▶ [Required action] Look below for the line containing "2024 Barbie Puppy" and the line containing "quarter-turn single lever", then set down both and every line between them exactly, without pictures.

▶ [Input data]
——————————
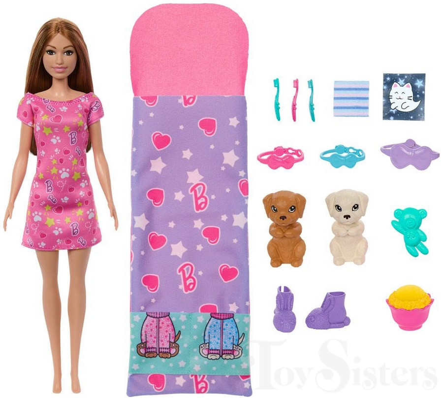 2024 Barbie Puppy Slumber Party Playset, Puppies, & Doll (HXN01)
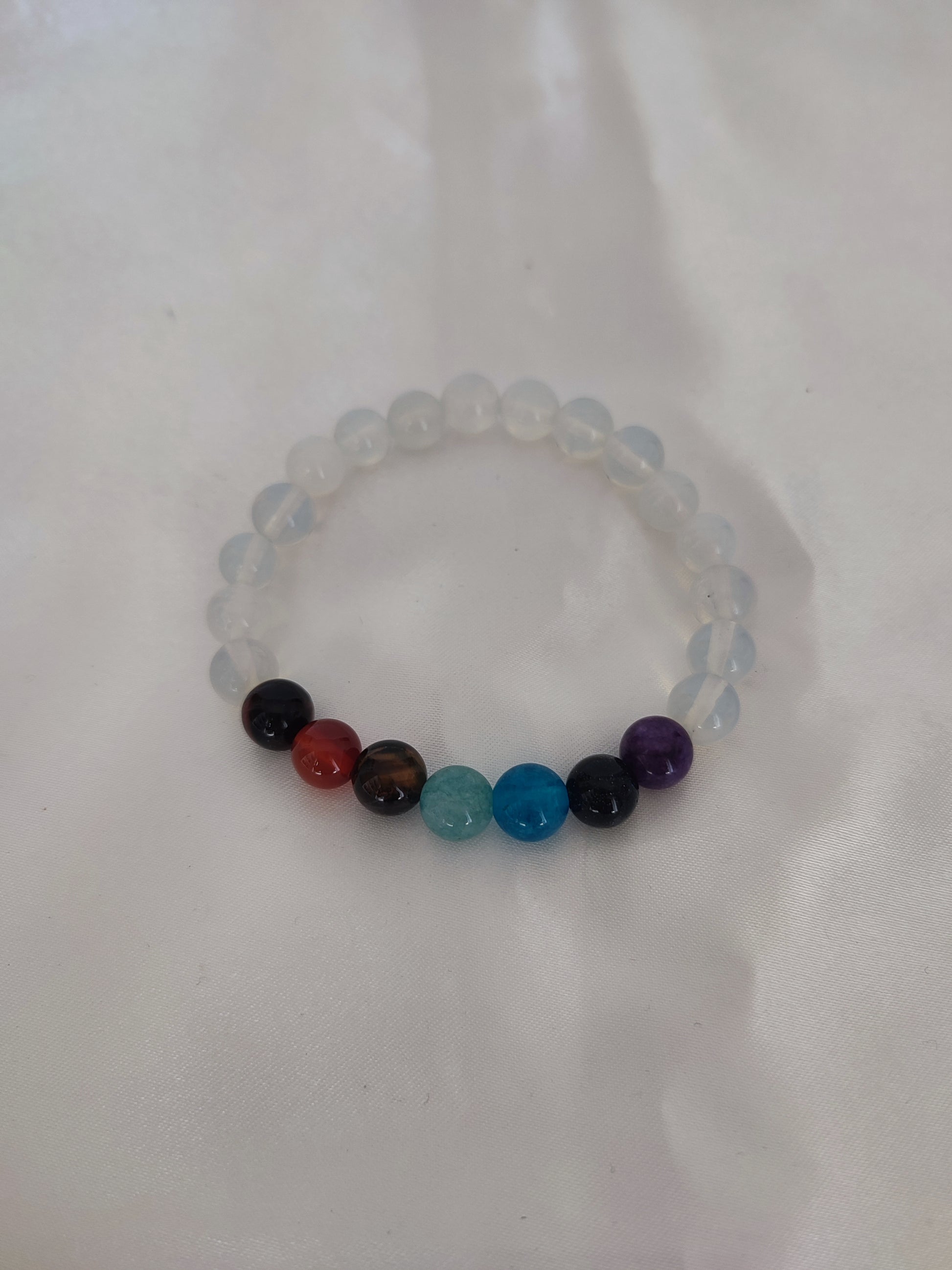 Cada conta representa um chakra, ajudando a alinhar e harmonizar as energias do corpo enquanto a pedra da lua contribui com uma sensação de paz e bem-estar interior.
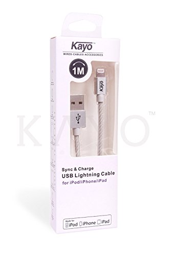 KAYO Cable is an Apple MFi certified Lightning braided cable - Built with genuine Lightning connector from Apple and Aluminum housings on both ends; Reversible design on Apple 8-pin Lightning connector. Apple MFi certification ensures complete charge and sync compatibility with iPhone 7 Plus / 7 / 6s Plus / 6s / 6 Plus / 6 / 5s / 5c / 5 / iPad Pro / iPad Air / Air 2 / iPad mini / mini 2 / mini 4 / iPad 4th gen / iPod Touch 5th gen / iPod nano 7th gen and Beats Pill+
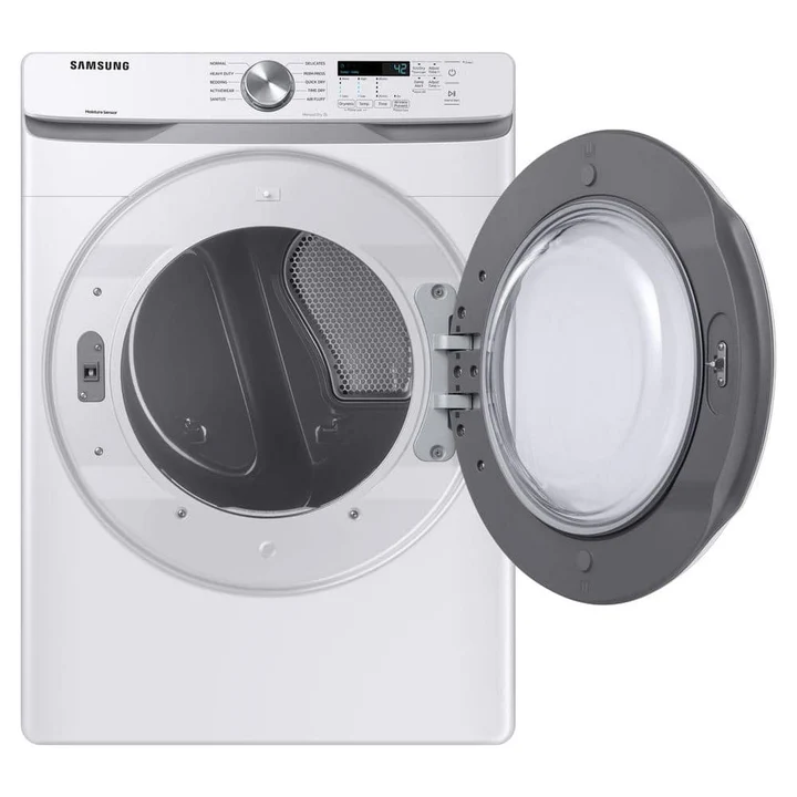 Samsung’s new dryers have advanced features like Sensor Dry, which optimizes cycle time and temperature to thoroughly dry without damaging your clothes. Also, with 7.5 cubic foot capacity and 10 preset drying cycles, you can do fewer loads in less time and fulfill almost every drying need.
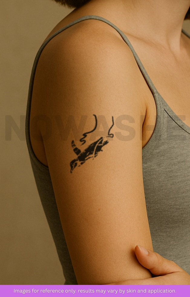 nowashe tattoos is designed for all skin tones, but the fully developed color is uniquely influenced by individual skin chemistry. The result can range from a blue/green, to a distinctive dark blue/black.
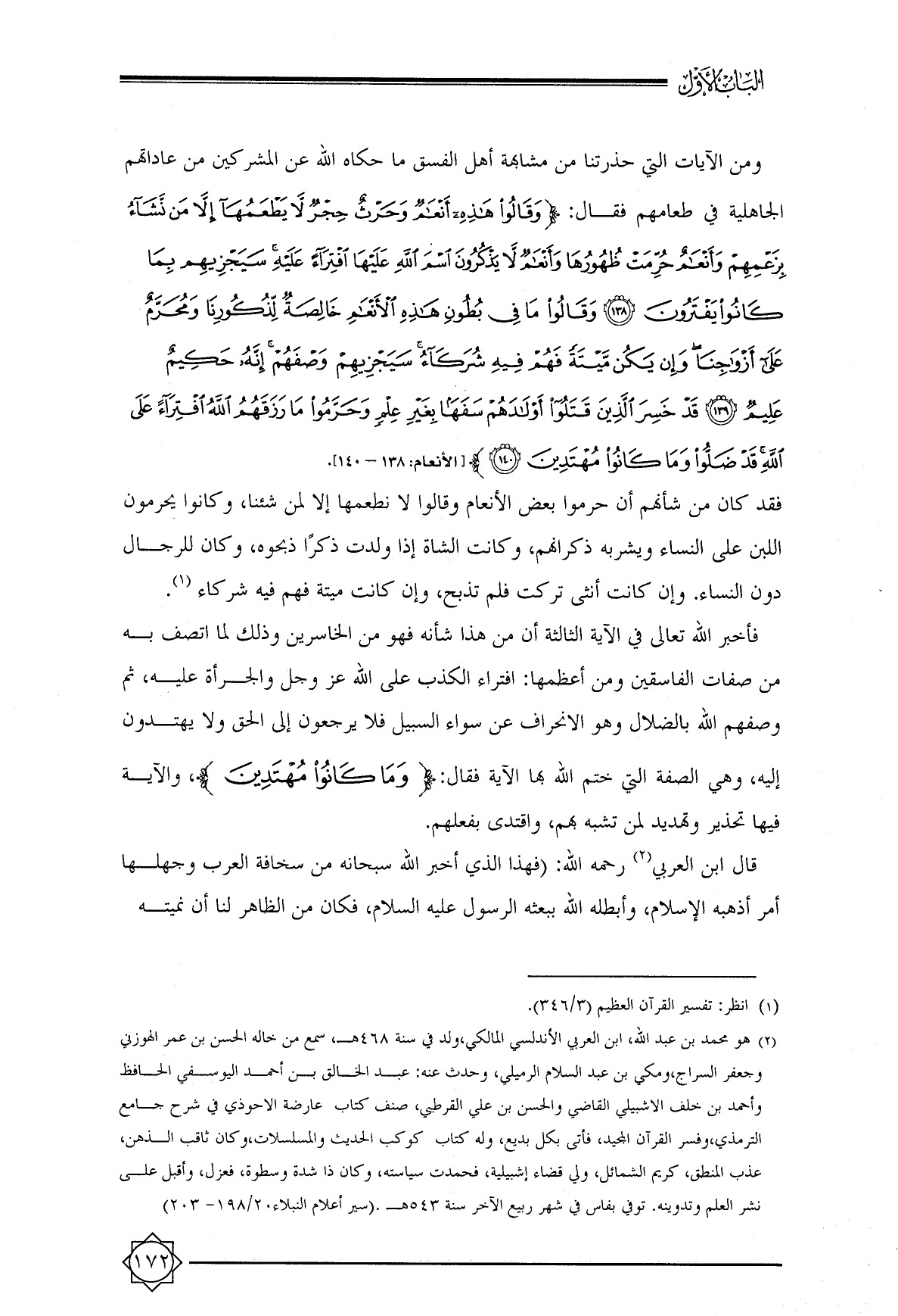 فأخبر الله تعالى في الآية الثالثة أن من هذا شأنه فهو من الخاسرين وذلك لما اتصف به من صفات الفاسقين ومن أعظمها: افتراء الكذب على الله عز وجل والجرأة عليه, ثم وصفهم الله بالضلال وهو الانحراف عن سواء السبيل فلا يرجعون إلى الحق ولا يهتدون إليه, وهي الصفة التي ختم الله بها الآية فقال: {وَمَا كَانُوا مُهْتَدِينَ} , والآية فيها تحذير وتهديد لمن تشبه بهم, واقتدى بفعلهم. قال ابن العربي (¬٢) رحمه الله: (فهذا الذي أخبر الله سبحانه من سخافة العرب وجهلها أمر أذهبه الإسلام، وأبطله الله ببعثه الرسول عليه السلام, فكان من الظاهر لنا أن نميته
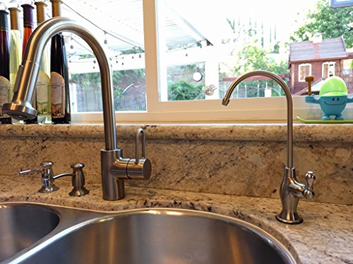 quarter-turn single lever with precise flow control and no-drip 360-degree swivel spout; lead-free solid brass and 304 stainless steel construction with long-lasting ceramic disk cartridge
——————————
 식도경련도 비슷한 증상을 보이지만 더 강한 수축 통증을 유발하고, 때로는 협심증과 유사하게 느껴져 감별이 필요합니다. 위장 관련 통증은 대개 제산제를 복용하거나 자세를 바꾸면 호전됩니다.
——————————
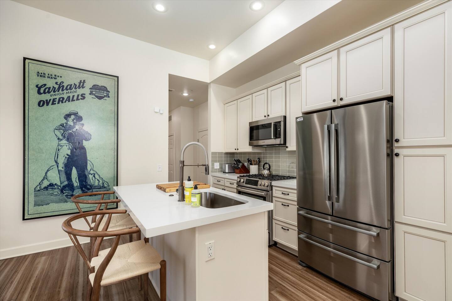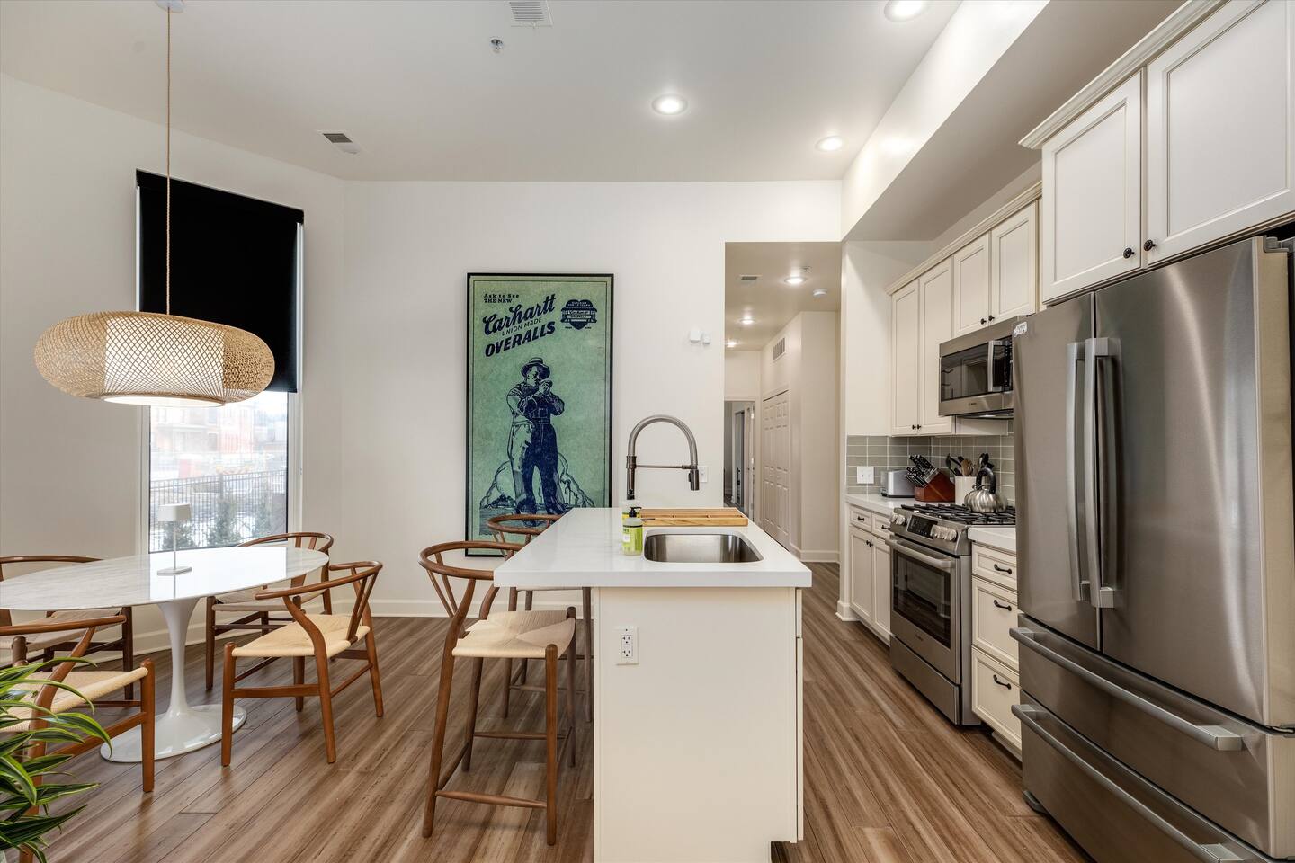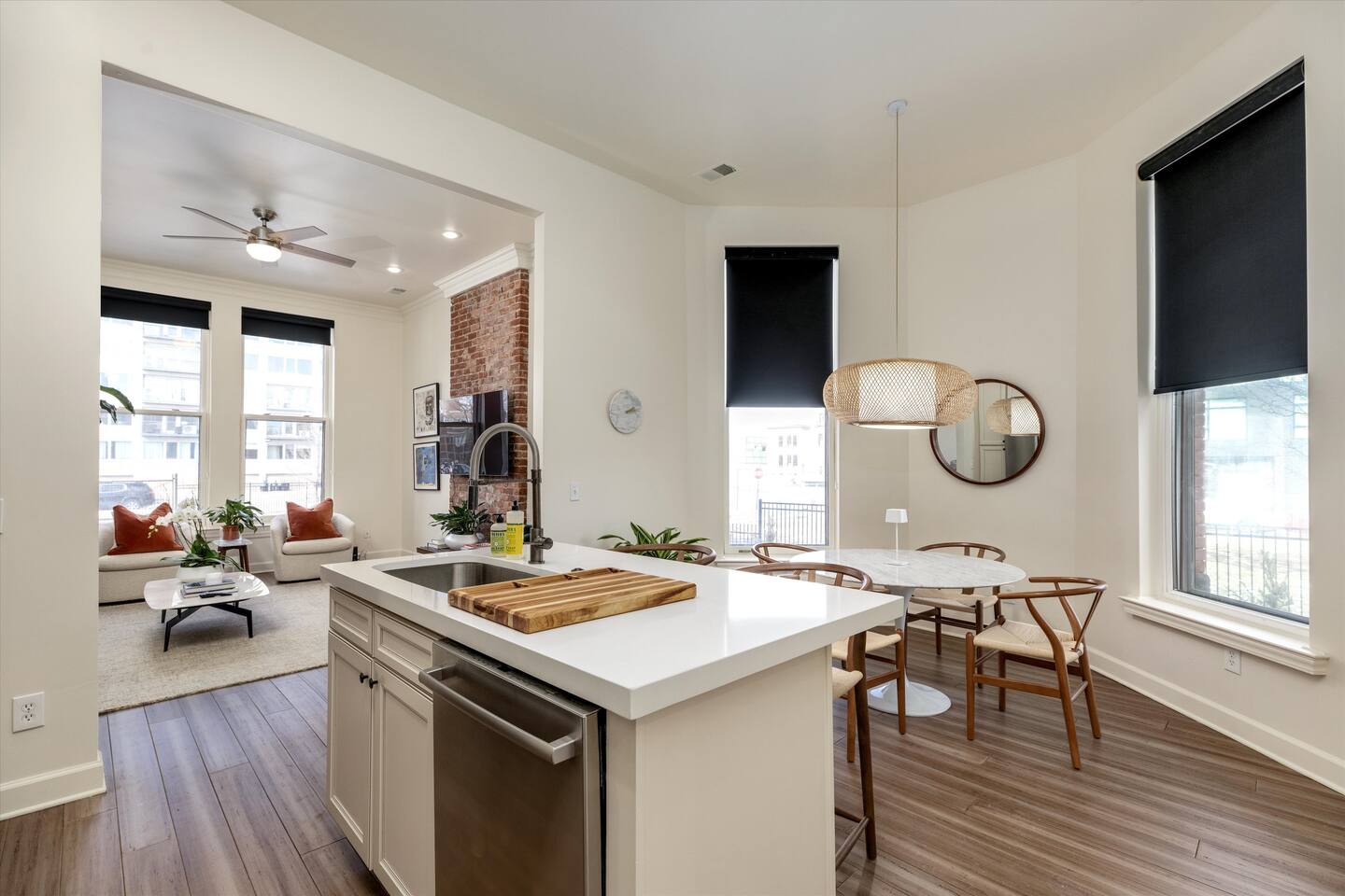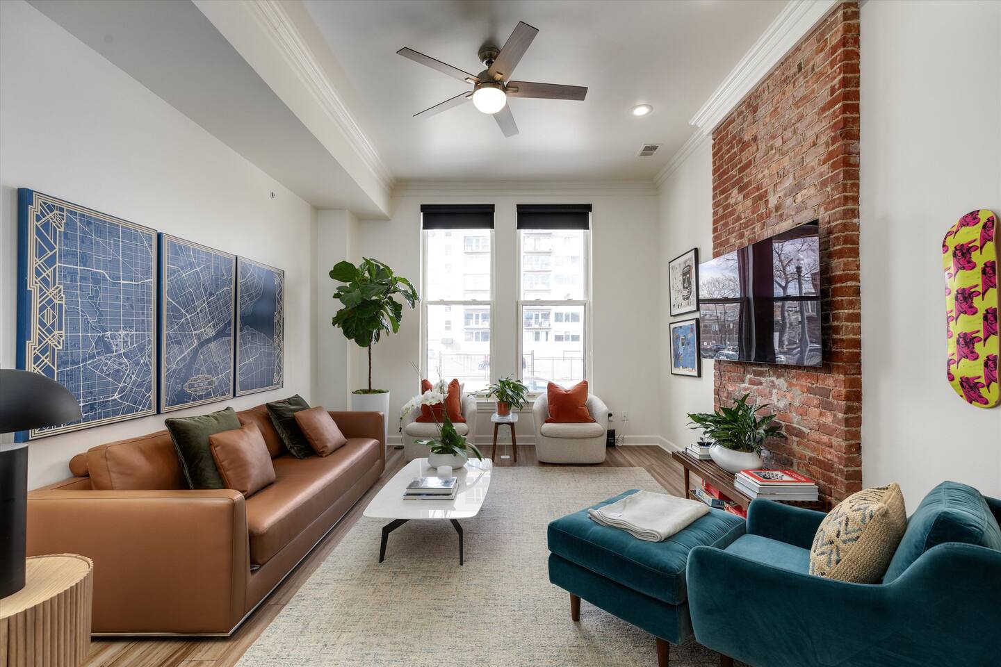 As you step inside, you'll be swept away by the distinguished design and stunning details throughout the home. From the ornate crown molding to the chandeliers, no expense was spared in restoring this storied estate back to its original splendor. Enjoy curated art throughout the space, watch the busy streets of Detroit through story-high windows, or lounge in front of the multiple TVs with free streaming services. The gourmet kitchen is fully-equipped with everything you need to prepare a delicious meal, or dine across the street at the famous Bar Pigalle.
——————————
▶ [Result of the exercise]
 2024 Barbie Puppy Slumber Party Playset, Puppies, & Doll (HXN01)
 Cada conta representa um chakra, ajudando a alinhar e harmonizar as energias do corpo enquanto a pedra da lua contribui com uma sensação de paz e bem-estar interior.
 KAYO Cable is an Apple MFi certified Lightning braided cable - Built with genuine Lightning connector from Apple and Aluminum housings on both ends; Reversible design on Apple 8-pin Lightning connector. Apple MFi certification ensures complete charge and sync compatibility with iPhone 7 Plus / 7 / 6s Plus / 6s / 6 Plus / 6 / 5s / 5c / 5 / iPad Pro / iPad Air / Air 2 / iPad mini / mini 2 / mini 4 / iPad 4th gen / iPod Touch 5th gen / iPod nano 7th gen and Beats Pill+
 Samsung’s new dryers have advanced features like Sensor Dry, which optimizes cycle time and temperature to thoroughly dry without damaging your clothes. Also, with 7.5 cubic foot capacity and 10 preset drying cycles, you can do fewer loads in less time and fulfill almost every drying need.
 nowashe tattoos is designed for all skin tones, but the fully developed color is uniquely influenced by individual skin chemistry. The result can range from a blue/green, to a distinctive dark blue/black.
 فأخبر الله تعالى في الآية الثالثة أن من هذا شأنه فهو من الخاسرين وذلك لما اتصف به من صفات الفاسقين ومن أعظمها: افتراء الكذب على الله عز وجل والجرأة عليه, ثم وصفهم الله بالضلال وهو الانحراف عن سواء السبيل فلا يرجعون إلى الحق ولا يهتدون إليه, وهي الصفة التي ختم الله بها الآية فقال: {وَمَا كَانُوا مُهْتَدِينَ} , والآية فيها تحذير وتهديد لمن تشبه بهم, واقتدى بفعلهم. قال ابن العربي (¬٢) رحمه الله: (فهذا الذي أخبر الله سبحانه من سخافة العرب وجهلها أمر أذهبه الإسلام، وأبطله الله ببعثه الرسول عليه السلام, فكان من الظاهر لنا أن نميته
 quarter-turn single lever with precise flow control and no-drip 360-degree swivel spout; lead-free solid brass and 304 stainless steel construction with long-lasting ceramic disk cartridge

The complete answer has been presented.